Source records
....
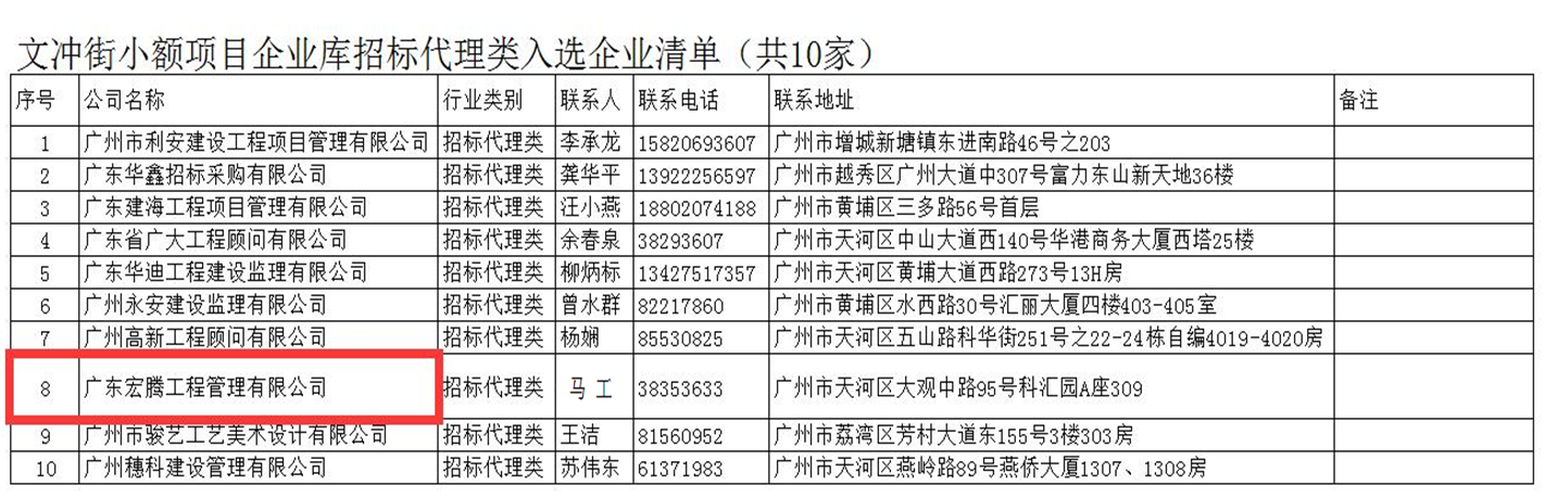 附件:文冲街道办事处小额建设工程招标代理企业库入库企业公示名单
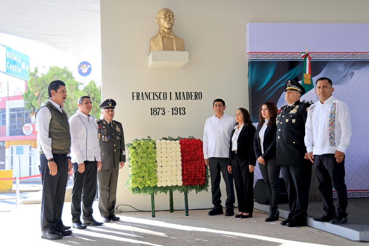 Durante el acto cívico realizado en el Jardín Madero de la capital del estado, al que también asistió la Presidenta Honoraria del Sistema DIF Oaxaca, Irma Bolaños Quijano; el Mandatario estatal expresó que su administración fundamenta su fuerza política y moral en los valores revolucionarios de caudillos como Francisco I. Madero, Emiliano Zapata y Venustiano Carranza; quienes sentaron las bases de un país más justo e incluyente.
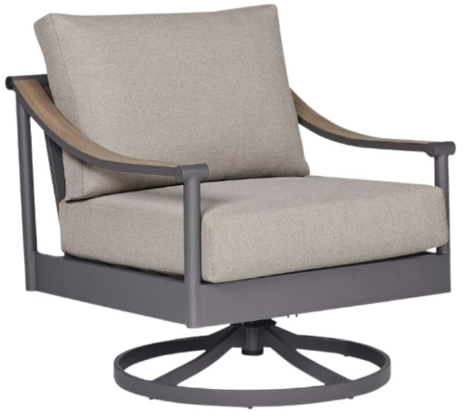 A refined marriage of style and durability, this outdoor swivel rocker lounge chair adds contemporary flair to your porch or patio. Wood tones and shades of gray lend a versatile, neutral appeal. And this chair is built to last, thanks to its rust-resistant frame and cleanable, UV-resistant fabric.Read More
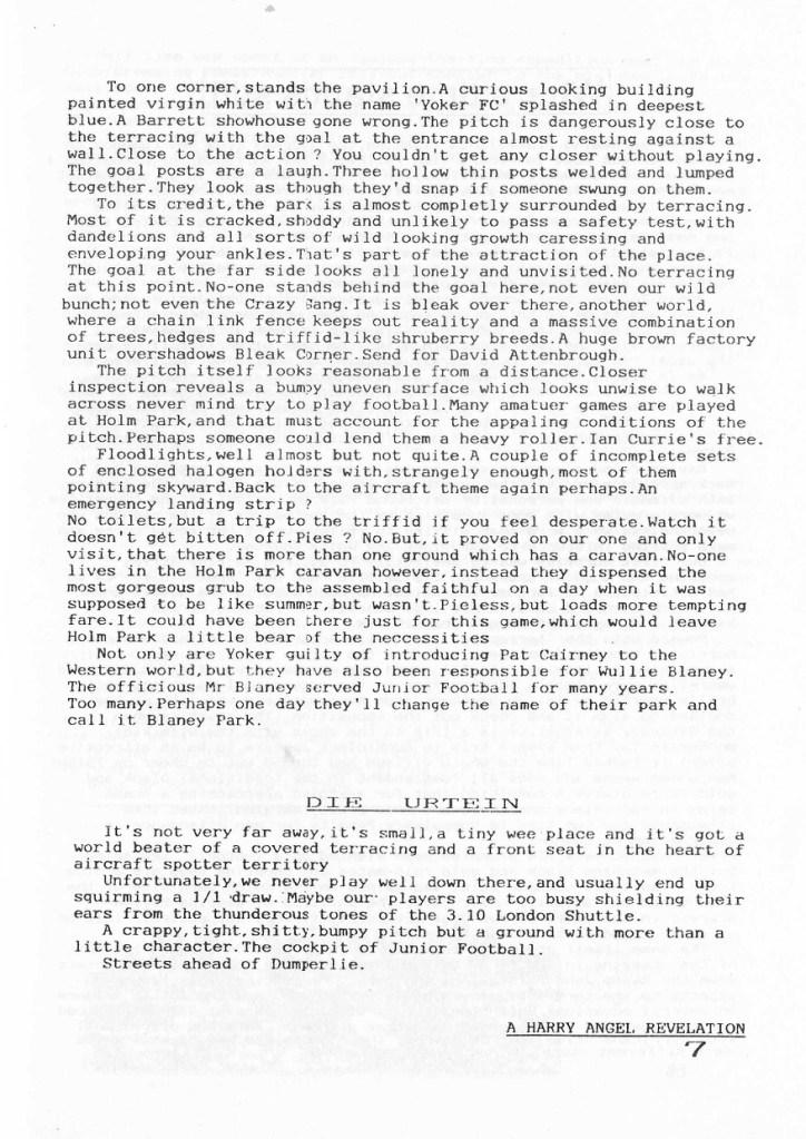 These are the days well before drones were even a twinkle in some idiot’s eye but we soon find out from the brilliant Harry Angel the reason such a superb photo is available as he jostles for space on the terraces with plane spotters. The terracing cover that looks like an aircraft hanger almost certainly is and one of the weird nickname are never fully explained.
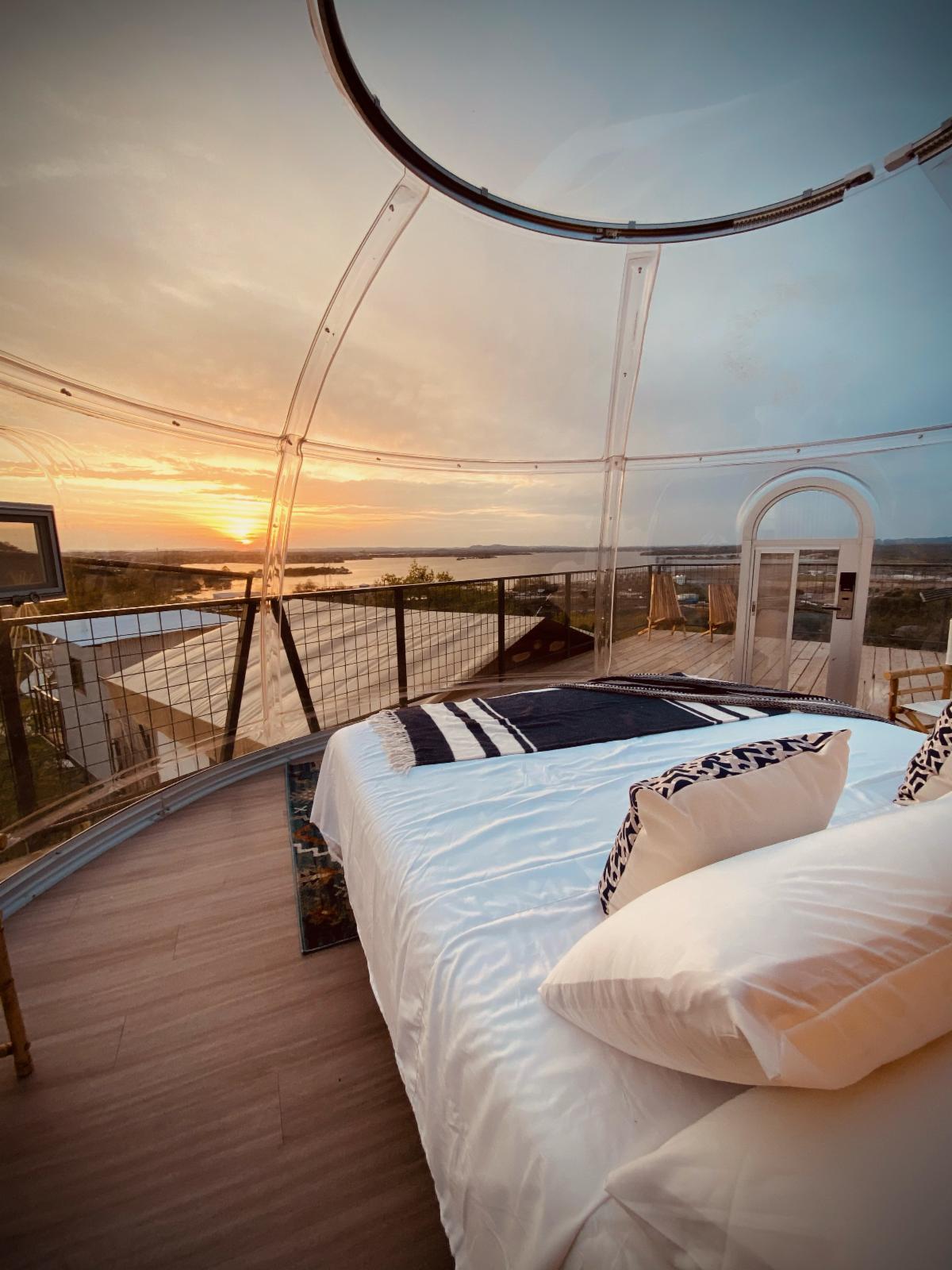 At the very top of the Glampominium, 30-feet in the air, is the StarDome Suite. The StarDome is a sixteen-foot clear dome to sleep under the stars at night. Hozhoni is located in a “dark sky community” – adding to exceptional star gazing from your bed – the StarDome is a true Five Billion Star accommodation!
....
WORK REQUEST –
When pictures appear in the records above, leave them out and reproduce exactly each line from the first through the line containing "A refined marriage", both included.

YOUR SOLUTION –
 附件:文冲街道办事处小额建设工程招标代理企业库入库企业公示名单
 Durante el acto cívico realizado en el Jardín Madero de la capital del estado, al que también asistió la Presidenta Honoraria del Sistema DIF Oaxaca, Irma Bolaños Quijano; el Mandatario estatal expresó que su administración fundamenta su fuerza política y moral en los valores revolucionarios de caudillos como Francisco I. Madero, Emiliano Zapata y Venustiano Carranza; quienes sentaron las bases de un país más justo e incluyente.
 A refined marriage of style and durability, this outdoor swivel rocker lounge chair adds contemporary flair to your porch or patio. Wood tones and shades of gray lend a versatile, neutral appeal. And this chair is built to last, thanks to its rust-resistant frame and cleanable, UV-resistant fabric.Read More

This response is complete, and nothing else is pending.